Data provided —
◇ ◇ ◇ ◇ ◇ ◇ ◇

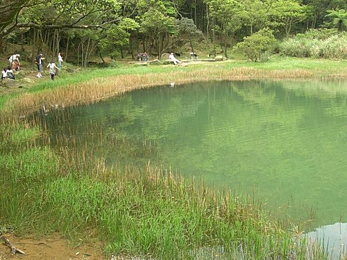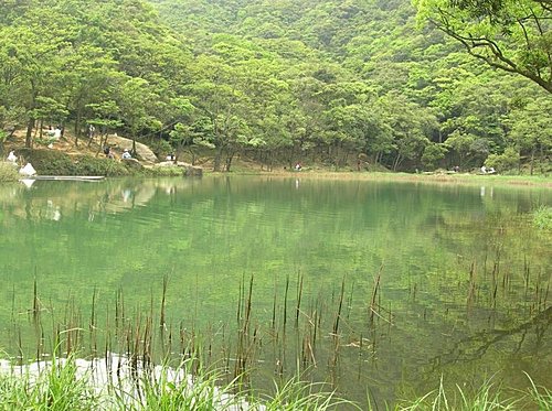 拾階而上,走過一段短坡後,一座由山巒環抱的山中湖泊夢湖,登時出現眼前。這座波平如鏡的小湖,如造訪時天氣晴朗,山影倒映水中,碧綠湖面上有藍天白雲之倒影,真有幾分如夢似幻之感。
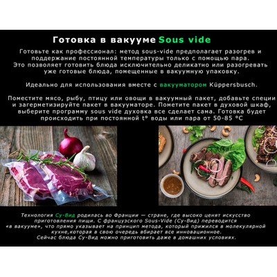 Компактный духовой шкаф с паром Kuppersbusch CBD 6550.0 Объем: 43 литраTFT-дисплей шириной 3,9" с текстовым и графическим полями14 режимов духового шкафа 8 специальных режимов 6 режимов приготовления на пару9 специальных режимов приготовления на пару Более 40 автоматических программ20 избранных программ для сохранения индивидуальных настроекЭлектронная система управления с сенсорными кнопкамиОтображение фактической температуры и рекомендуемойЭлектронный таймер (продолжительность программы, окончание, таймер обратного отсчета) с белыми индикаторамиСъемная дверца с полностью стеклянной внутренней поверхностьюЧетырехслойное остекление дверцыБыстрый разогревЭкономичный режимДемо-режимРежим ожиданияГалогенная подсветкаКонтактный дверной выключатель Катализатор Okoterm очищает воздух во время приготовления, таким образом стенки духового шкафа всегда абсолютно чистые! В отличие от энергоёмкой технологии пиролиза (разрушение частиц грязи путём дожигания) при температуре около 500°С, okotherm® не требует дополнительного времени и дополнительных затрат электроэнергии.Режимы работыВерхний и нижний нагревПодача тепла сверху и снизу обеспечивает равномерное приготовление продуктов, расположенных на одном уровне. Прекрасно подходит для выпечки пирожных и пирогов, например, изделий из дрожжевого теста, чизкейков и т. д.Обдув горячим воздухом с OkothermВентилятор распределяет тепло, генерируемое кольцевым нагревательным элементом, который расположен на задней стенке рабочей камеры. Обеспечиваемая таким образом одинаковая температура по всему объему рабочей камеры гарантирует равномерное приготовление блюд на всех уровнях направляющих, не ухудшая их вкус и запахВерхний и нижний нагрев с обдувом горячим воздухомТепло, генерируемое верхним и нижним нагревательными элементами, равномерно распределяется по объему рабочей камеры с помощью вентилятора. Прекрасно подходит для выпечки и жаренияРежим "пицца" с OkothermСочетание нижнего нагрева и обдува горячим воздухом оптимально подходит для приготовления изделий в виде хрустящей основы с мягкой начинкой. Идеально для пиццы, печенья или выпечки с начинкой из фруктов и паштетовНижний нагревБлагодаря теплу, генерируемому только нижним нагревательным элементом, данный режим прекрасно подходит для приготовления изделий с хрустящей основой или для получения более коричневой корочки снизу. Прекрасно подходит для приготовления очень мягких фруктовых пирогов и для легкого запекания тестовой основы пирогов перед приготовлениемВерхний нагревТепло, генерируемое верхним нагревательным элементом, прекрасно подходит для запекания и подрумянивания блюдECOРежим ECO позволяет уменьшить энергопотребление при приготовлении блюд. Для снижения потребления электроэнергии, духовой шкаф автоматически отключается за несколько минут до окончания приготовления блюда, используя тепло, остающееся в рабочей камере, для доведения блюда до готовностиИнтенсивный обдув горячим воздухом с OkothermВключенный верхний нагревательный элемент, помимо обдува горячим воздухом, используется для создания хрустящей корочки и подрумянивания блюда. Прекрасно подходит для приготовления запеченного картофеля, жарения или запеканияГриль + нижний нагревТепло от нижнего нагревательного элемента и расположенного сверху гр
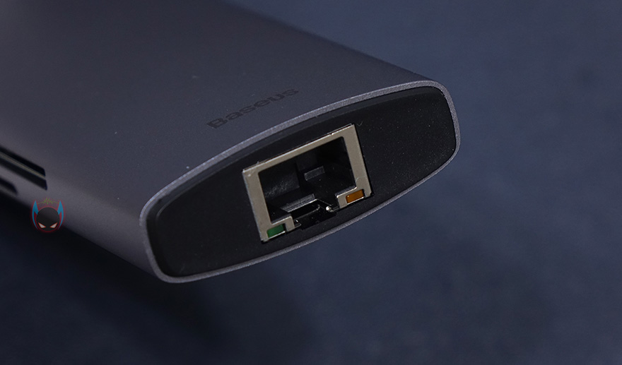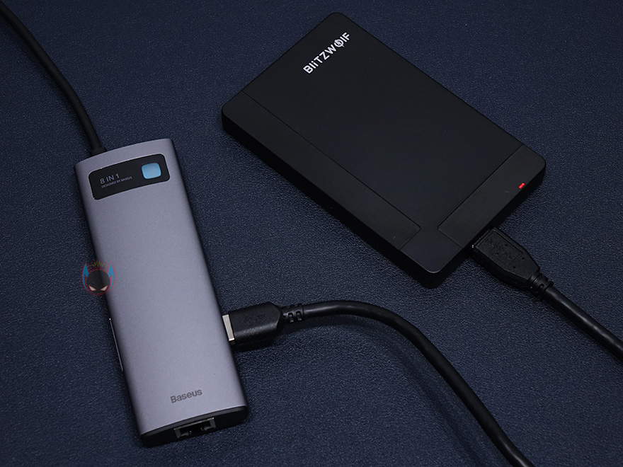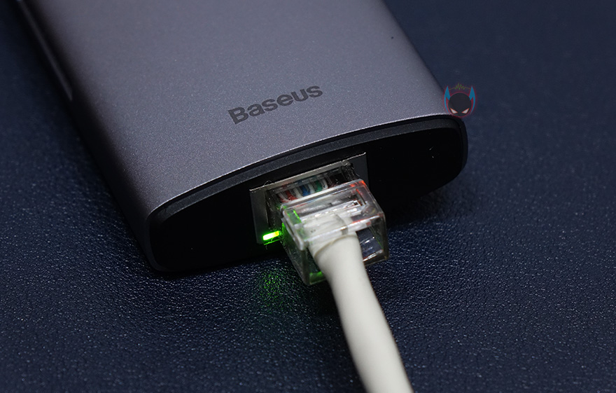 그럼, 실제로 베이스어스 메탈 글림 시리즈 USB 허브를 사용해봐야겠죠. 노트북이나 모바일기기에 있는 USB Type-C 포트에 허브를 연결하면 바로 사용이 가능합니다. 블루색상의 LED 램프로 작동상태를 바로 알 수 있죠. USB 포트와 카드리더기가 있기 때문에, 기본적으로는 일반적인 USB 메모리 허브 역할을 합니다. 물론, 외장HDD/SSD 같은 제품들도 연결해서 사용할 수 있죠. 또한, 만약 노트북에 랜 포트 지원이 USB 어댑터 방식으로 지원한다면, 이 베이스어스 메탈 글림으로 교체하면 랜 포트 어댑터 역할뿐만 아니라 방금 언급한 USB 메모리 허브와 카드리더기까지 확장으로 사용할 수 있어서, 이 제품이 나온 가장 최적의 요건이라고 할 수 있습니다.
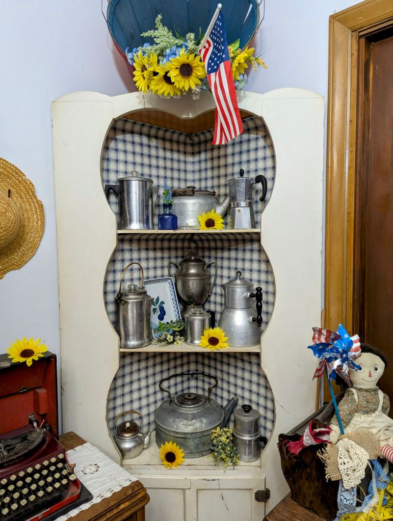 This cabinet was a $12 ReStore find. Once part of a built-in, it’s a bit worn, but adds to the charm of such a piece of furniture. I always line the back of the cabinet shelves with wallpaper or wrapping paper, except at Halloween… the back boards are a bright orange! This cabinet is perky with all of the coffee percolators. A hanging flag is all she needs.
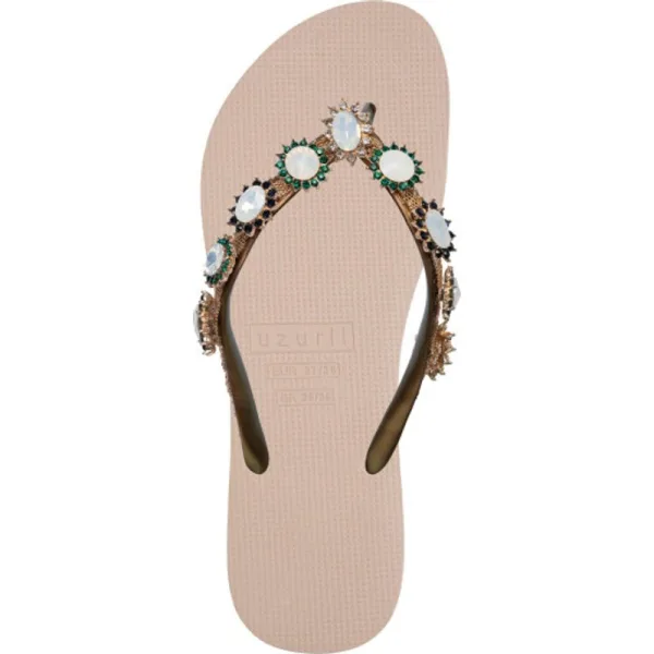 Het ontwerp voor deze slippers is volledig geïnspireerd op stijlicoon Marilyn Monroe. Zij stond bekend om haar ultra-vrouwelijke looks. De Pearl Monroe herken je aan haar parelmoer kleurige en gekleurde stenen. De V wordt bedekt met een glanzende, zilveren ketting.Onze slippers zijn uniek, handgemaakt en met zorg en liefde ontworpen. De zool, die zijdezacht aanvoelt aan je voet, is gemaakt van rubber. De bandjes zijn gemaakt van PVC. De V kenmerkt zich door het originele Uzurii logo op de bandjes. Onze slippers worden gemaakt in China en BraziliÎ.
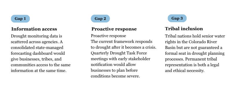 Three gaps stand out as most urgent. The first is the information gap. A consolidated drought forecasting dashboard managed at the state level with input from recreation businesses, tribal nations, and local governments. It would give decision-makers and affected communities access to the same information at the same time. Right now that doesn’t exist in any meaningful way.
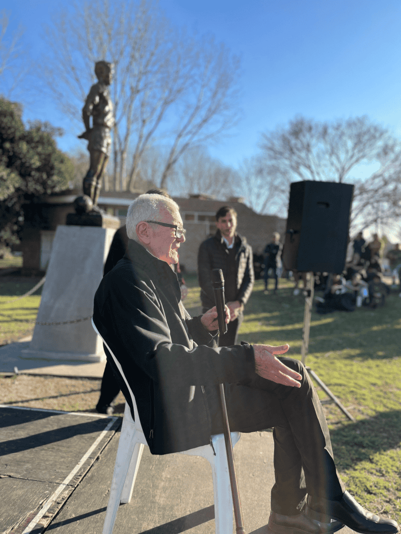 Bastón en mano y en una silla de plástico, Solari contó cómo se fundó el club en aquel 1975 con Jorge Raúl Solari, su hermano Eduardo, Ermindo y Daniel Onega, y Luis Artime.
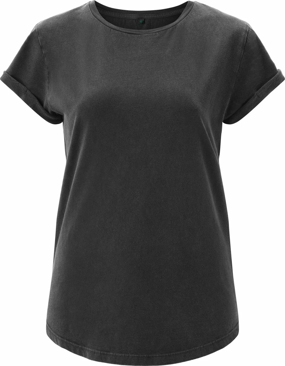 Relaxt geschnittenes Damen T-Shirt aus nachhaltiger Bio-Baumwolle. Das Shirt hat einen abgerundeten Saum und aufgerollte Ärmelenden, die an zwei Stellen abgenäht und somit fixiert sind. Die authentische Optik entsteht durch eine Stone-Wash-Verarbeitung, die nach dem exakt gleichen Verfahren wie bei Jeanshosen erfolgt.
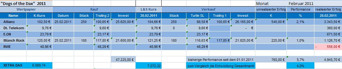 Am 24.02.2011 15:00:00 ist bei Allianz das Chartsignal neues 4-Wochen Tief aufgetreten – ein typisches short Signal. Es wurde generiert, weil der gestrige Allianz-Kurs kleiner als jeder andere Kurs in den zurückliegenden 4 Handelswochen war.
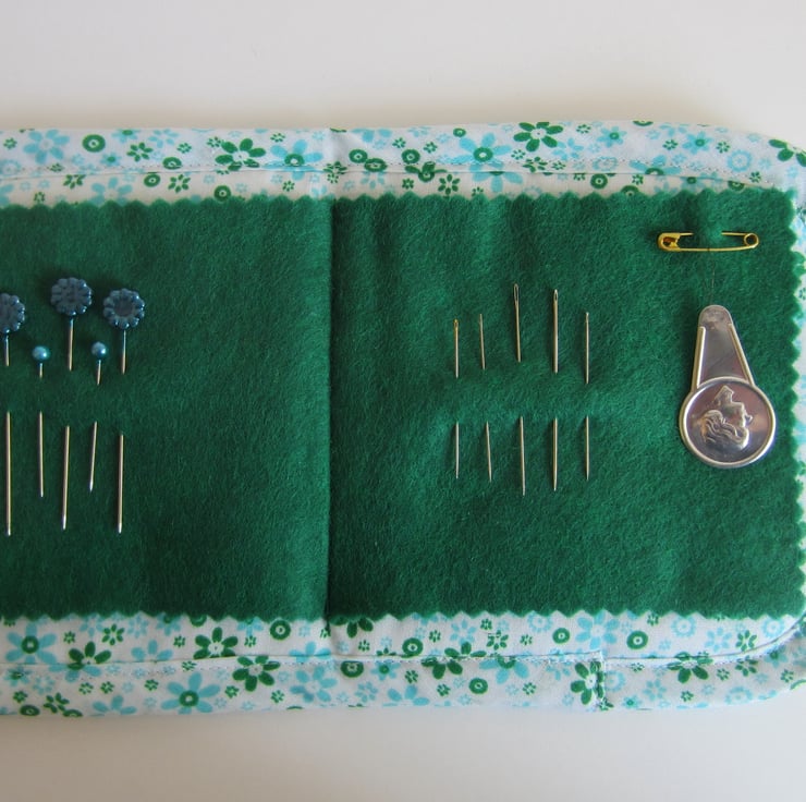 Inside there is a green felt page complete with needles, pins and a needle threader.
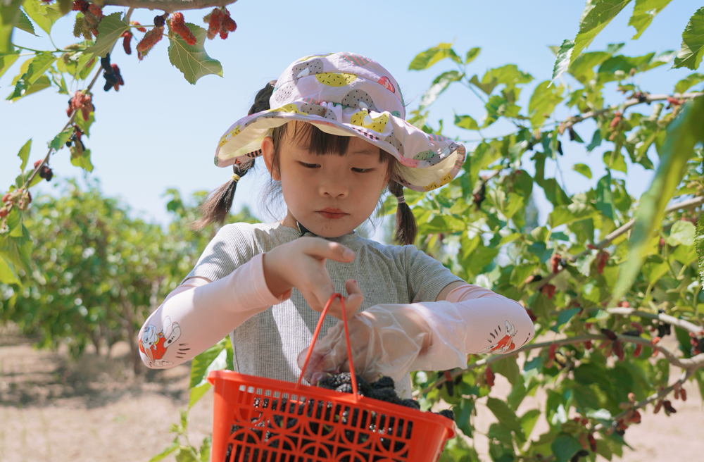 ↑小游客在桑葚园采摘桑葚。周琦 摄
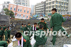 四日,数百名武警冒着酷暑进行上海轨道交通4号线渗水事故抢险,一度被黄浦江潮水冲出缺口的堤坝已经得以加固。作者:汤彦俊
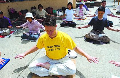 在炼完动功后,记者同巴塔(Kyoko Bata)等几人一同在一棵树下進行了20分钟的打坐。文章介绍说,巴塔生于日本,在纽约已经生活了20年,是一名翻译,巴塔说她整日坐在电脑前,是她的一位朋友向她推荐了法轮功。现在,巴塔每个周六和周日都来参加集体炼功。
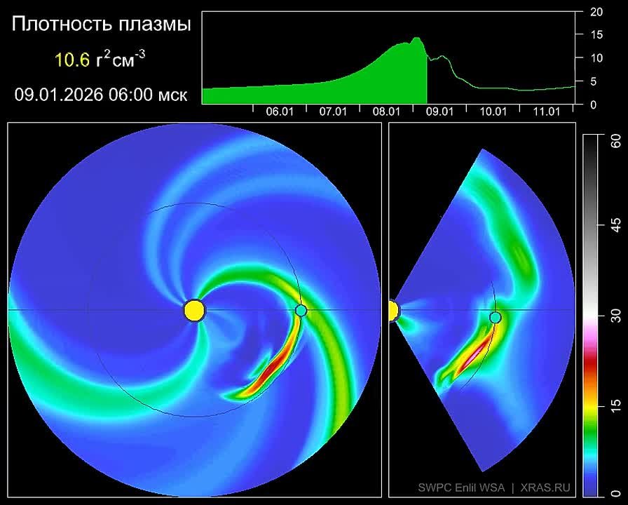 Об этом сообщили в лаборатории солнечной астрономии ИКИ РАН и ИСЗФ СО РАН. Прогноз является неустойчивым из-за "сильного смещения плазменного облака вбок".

◇ ◇ ◇ ◇ ◇ ◇ ◇

Task statement —
Set down the records again exactly as they appear, leaving each picture behind.

Solution to the problem —
 拾階而上,走過一段短坡後,一座由山巒環抱的山中湖泊夢湖,登時出現眼前。這座波平如鏡的小湖,如造訪時天氣晴朗,山影倒映水中,碧綠湖面上有藍天白雲之倒影,真有幾分如夢似幻之感。
 Компактный духовой шкаф с паром Kuppersbusch CBD 6550.0 Объем: 43 литраTFT-дисплей шириной 3,9" с текстовым и графическим полями14 режимов духового шкафа 8 специальных режимов 6 режимов приготовления на пару9 специальных режимов приготовления на пару Более 40 автоматических программ20 избранных программ для сохранения индивидуальных настроекЭлектронная система управления с сенсорными кнопкамиОтображение фактической температуры и рекомендуемойЭлектронный таймер (продолжительность программы, окончание, таймер обратного отсчета) с белыми индикаторамиСъемная дверца с полностью стеклянной внутренней поверхностьюЧетырехслойное остекление дверцыБыстрый разогревЭкономичный режимДемо-режимРежим ожиданияГалогенная подсветкаКонтактный дверной выключатель Катализатор Okoterm очищает воздух во время приготовления, таким образом стенки духового шкафа всегда абсолютно чистые! В отличие от энергоёмкой технологии пиролиза (разрушение частиц грязи путём дожигания) при температуре около 500°С, okotherm® не требует дополнительного времени и дополнительных затрат электроэнергии.Режимы работыВерхний и нижний нагревПодача тепла сверху и снизу обеспечивает равномерное приготовление продуктов, расположенных на одном уровне. Прекрасно подходит для выпечки пирожных и пирогов, например, изделий из дрожжевого теста, чизкейков и т. д.Обдув горячим воздухом с OkothermВентилятор распределяет тепло, генерируемое кольцевым нагревательным элементом, который расположен на задней стенке рабочей камеры. Обеспечиваемая таким образом одинаковая температура по всему объему рабочей камеры гарантирует равномерное приготовление блюд на всех уровнях направляющих, не ухудшая их вкус и запахВерхний и нижний нагрев с обдувом горячим воздухомТепло, генерируемое верхним и нижним нагревательными элементами, равномерно распределяется по объему рабочей камеры с помощью вентилятора. Прекрасно подходит для выпечки и жаренияРежим "пицца" с OkothermСочетание нижнего нагрева и обдува горячим воздухом оптимально подходит для приготовления изделий в виде хрустящей основы с мягкой начинкой. Идеально для пиццы, печенья или выпечки с начинкой из фруктов и паштетовНижний нагревБлагодаря теплу, генерируемому только нижним нагревательным элементом, данный режим прекрасно подходит для приготовления изделий с хрустящей основой или для получения более коричневой корочки снизу. Прекрасно подходит для приготовления очень мягких фруктовых пирогов и для легкого запекания тестовой основы пирогов перед приготовлениемВерхний нагревТепло, генерируемое верхним нагревательным элементом, прекрасно подходит для запекания и подрумянивания блюдECOРежим ECO позволяет уменьшить энергопотребление при приготовлении блюд. Для снижения потребления электроэнергии, духовой шкаф автоматически отключается за несколько минут до окончания приготовления блюда, используя тепло, остающееся в рабочей камере, для доведения блюда до готовностиИнтенсивный обдув горячим воздухом с OkothermВключенный верхний нагревательный элемент, помимо обдува горячим воздухом, используется для создания хрустящей корочки и подрумянивания блюда. Прекрасно подходит для приготовления запеченного картофеля, жарения или запеканияГриль + нижний нагревТепло от нижнего нагревательного элемента и расположенного сверху гр
 그럼, 실제로 베이스어스 메탈 글림 시리즈 USB 허브를 사용해봐야겠죠. 노트북이나 모바일기기에 있는 USB Type-C 포트에 허브를 연결하면 바로 사용이 가능합니다. 블루색상의 LED 램프로 작동상태를 바로 알 수 있죠. USB 포트와 카드리더기가 있기 때문에, 기본적으로는 일반적인 USB 메모리 허브 역할을 합니다. 물론, 외장HDD/SSD 같은 제품들도 연결해서 사용할 수 있죠. 또한, 만약 노트북에 랜 포트 지원이 USB 어댑터 방식으로 지원한다면, 이 베이스어스 메탈 글림으로 교체하면 랜 포트 어댑터 역할뿐만 아니라 방금 언급한 USB 메모리 허브와 카드리더기까지 확장으로 사용할 수 있어서, 이 제품이 나온 가장 최적의 요건이라고 할 수 있습니다.
 This cabinet was a $12 ReStore find. Once part of a built-in, it’s a bit worn, but adds to the charm of such a piece of furniture. I always line the back of the cabinet shelves with wallpaper or wrapping paper, except at Halloween… the back boards are a bright orange! This cabinet is perky with all of the coffee percolators. A hanging flag is all she needs.
 Het ontwerp voor deze slippers is volledig geïnspireerd op stijlicoon Marilyn Monroe. Zij stond bekend om haar ultra-vrouwelijke looks. De Pearl Monroe herken je aan haar parelmoer kleurige en gekleurde stenen. De V wordt bedekt met een glanzende, zilveren ketting.Onze slippers zijn uniek, handgemaakt en met zorg en liefde ontworpen. De zool, die zijdezacht aanvoelt aan je voet, is gemaakt van rubber. De bandjes zijn gemaakt van PVC. De V kenmerkt zich door het originele Uzurii logo op de bandjes. Onze slippers worden gemaakt in China en BraziliÎ.
 Three gaps stand out as most urgent. The first is the information gap. A consolidated drought forecasting dashboard managed at the state level with input from recreation businesses, tribal nations, and local governments. It would give decision-makers and affected communities access to the same information at the same time. Right now that doesn’t exist in any meaningful way.
 Bastón en mano y en una silla de plástico, Solari contó cómo se fundó el club en aquel 1975 con Jorge Raúl Solari, su hermano Eduardo, Ermindo y Daniel Onega, y Luis Artime.
 Relaxt geschnittenes Damen T-Shirt aus nachhaltiger Bio-Baumwolle. Das Shirt hat einen abgerundeten Saum und aufgerollte Ärmelenden, die an zwei Stellen abgenäht und somit fixiert sind. Die authentische Optik entsteht durch eine Stone-Wash-Verarbeitung, die nach dem exakt gleichen Verfahren wie bei Jeanshosen erfolgt.
 Am 24.02.2011 15:00:00 ist bei Allianz das Chartsignal neues 4-Wochen Tief aufgetreten – ein typisches short Signal. Es wurde generiert, weil der gestrige Allianz-Kurs kleiner als jeder andere Kurs in den zurückliegenden 4 Handelswochen war.
 Inside there is a green felt page complete with needles, pins and a needle threader.
 ↑小游客在桑葚园采摘桑葚。周琦 摄
 四日,数百名武警冒着酷暑进行上海轨道交通4号线渗水事故抢险,一度被黄浦江潮水冲出缺口的堤坝已经得以加固。作者:汤彦俊
 在炼完动功后,记者同巴塔(Kyoko Bata)等几人一同在一棵树下進行了20分钟的打坐。文章介绍说,巴塔生于日本,在纽约已经生活了20年,是一名翻译,巴塔说她整日坐在电脑前,是她的一位朋友向她推荐了法轮功。现在,巴塔每个周六和周日都来参加集体炼功。
 Об этом сообщили в лаборатории солнечной астрономии ИКИ РАН и ИСЗФ СО РАН. Прогноз является неустойчивым из-за "сильного смещения плазменного облака вбок".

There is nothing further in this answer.